In this article, I will provide a walkthrough of common features on img2img tab.

I will first go through some unique parameters for this tab, then provide my workflow on use cases like outpaint and inpaint.
In img2img tab, images could be used as additional input as the guide for generation. This enables a bunch of useful cases. For exmaple, you could use realistic photo to generate your animation figure, or use hand-drawn sketch to create good looking pictures.

Unique parameter

For most of the part, img2img tab shares an identical parameter list as txt2img tab, please check my previous post for more detail. Additional parameters are used to customize the process of input images.

Resize mode

This defines the behavior when the input image size is not same as the one you indicated.

Just resize
- resize the image to target resolution. This may lead to incorrect aspect ratio
Crop and resize
- Resize the image so that entirety of target resolution is filled with the image. Crop parts that stick out.
Resize and fill
- Resize the image so that entirety of image is inside target resolution. Fill empty space with image's colors
Just resize (latent upscale)
- same as the first one, but uses latent upscaling method (without a scaler, just latent decoder) - Ref

Denoising strength

Range in [0,1]. This defines the similarity between the generated image and the original one. The larger / the closer to 1, the image would likely to take less features fro the original input.

Usages

Style Transfer

Use your image as input, adding prompt, choose the right style model, and AI will do the magic.
Below is a showcase of using a same prompt and image input with different models gives different style output.
Image Source
Sketch image source

I have to admit that I used ==ControlNet== for the basic image structure control. With only image and text guidance, you will get pretty randomized output, like the one below.

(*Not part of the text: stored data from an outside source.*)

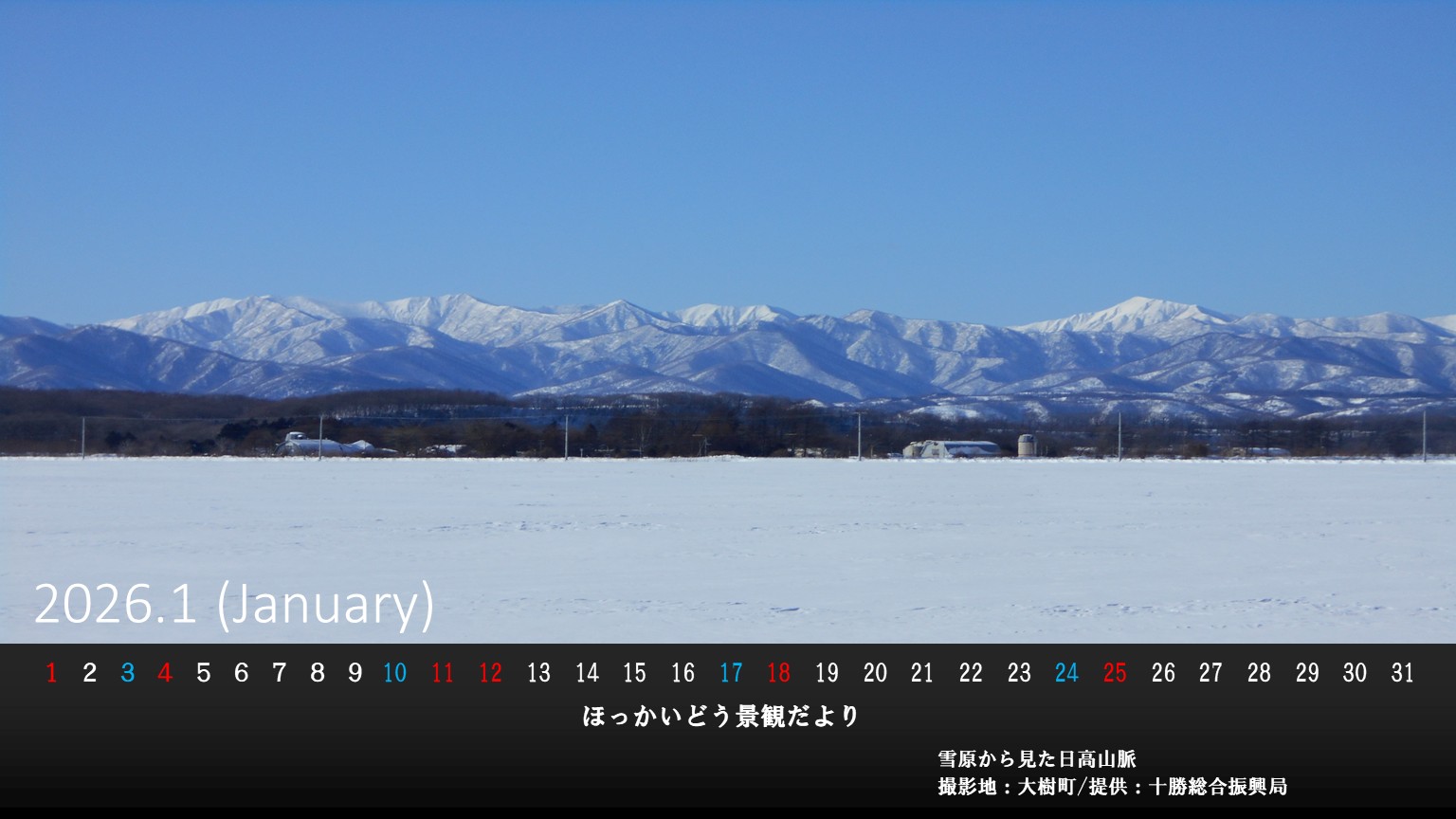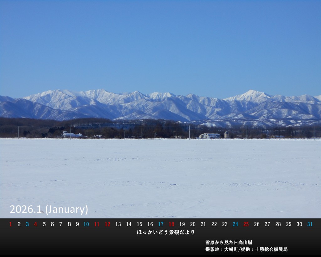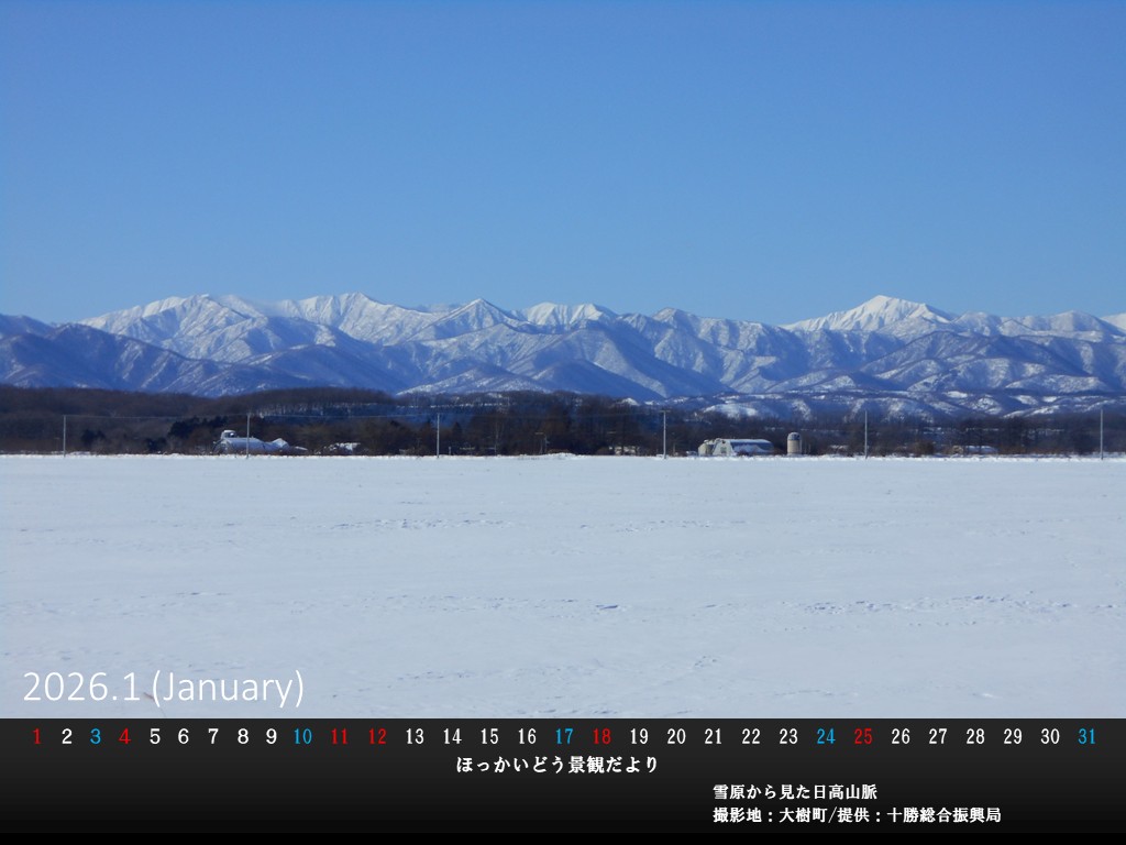 令和8年1月は、大樹町の「雪原から見た日高山脈」です。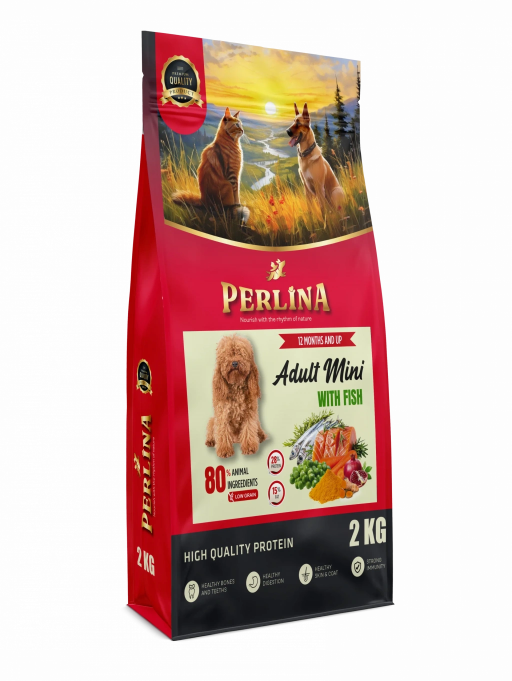 Perlina Yetişkin Küçük Irk Köpek Balıklı 2 KG Köpek Maması, 12 ay ve üzerindeki küçük ırk köpeklerin özel beslenme ihtiyaçlarını karşılamak için özenle hazırlanmıştır. %80 hayvansal içerik, en az %15 tavuk ve %15 balık (somon ve hamsi) ile yüksek kaliteli protein sunar. Havuç, bezelye ve nar gibi doğal bileşenler bağışıklık sistemini güçlendirirken, zerdeçal sindirim sağlığını destekler. Vitamin ve mineraller kas gelişimi, güçlü kemikler ve parlak tüyler için katkı sağlar. Düşük tahıllı formülü sayesinde sindirimi kolay, sağlıklı ve lezzetli bir öğün sunar.
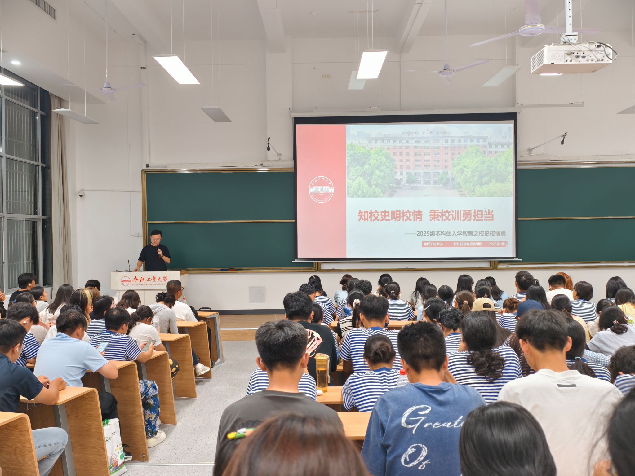 9月9日晚,冰球突破豪华版官方网站、外国语学院联合举办“爱校荣校 共创辉煌”2025级新生校史校情讲座,军训团讲师、机械工程学院辅导员高创受邀主讲,两院全体本科新生及辅导员共300余人参会。

Inpaint - Fix / Modify selected parts of the image

Mask the part you want to re-generate, modify the prompt a bit, you could fix those faulty parts or let the AI inspires you.

Inpaint processing logic

Select Mask Area
Pre-process masked area
Add mask blur
Image generation

Parameter settings

Prompt

Prompt for the masked area (or the not masked part)
Could reuse the prompt when generating original images

Mask Blur

To what extent should the masked area should be blurred, influence the third steps above
The higher the value, the lower the degree of ambiguity

Mask mode

Tell the model which area to inpaint

Masked content

Defines how to preprocess masked area (refer to logic step 2)

fill
- Based on the image color, use blurred color block to replace the original image.
original
- No pre-process, directly use original images
latent noise
- Use latent noise (the AI's interpretation of input prompt) to fill
latent nothing
- Use a zero-valued latent variable to fill selected area

Normally, fill & original are used for minor improvements. latent noise and latent nothing are used to generate something new with significant difference.

Inpaint area

Whole picture
- After inpainting, refer to the width and height, resize mode to adjust the image.
Only masked
- Only repaint the masked area
- Better for high resolution images, no need to set width and height
Only masked padding, pixels
- When inpaint area = only masked, defines the masked area's pixels count.
- The smaller the value, the higher the density of filled pixels.
- The higher the density, the more content it will be generated - may lead to the generation of a new image based on your prompt in the inpaint area.

Other inpaint mode

inpaint sketch
- add color guide to the mask, could adjust the guidance strength by mask transparency
inpaint upload
- problems of normal inpaint
  - Mouse does not easily apply problem areas with precision
  - One-time masking does not stay
- Inpaint upload tab allows you to upload an image and a prepared mask image
- Note
  - The mask is black and white, ==white== represents the mask selection area
  - Leave some inner space for inpaint area

Outpaint - Expand existing image

Under certain circumstances, you may want to expand an existing image. This is when outpaint script come into play.
In the bottom left corner, you could find a drop down list for Outpaint script, which by default has two versions, normally we use Outpainting mk2 version for more stable result.

Parameter settings

stable-diffusion-webui-outpainting-script-ui

For both scripts, there are two common settings - Pixels to expand, and Outpainting direction. This is pretty straightforward to understand.
For Outpainting mk2, mask blur is applied to the outpainted part during preprocess to create a soft boundary between original image and the expanded part.
Fall-off exponent controls the “smoothness” of the masked picture (one to be expanded). A higher value would result in a smoother noise pattern, which would then lead to less detail when generation.
Like Fall-off exponent,Color Variation had an impact on the expanded areas in aspect of colors.
If you are interested in the details of how these parameters take effect, check the source code in stable-diffusion-webui/scripts/outpainting_mk_2.py

Example

Let's now see a concrete example. Say I got picture of New York city as follows: (I put the generation detail at the end of this article)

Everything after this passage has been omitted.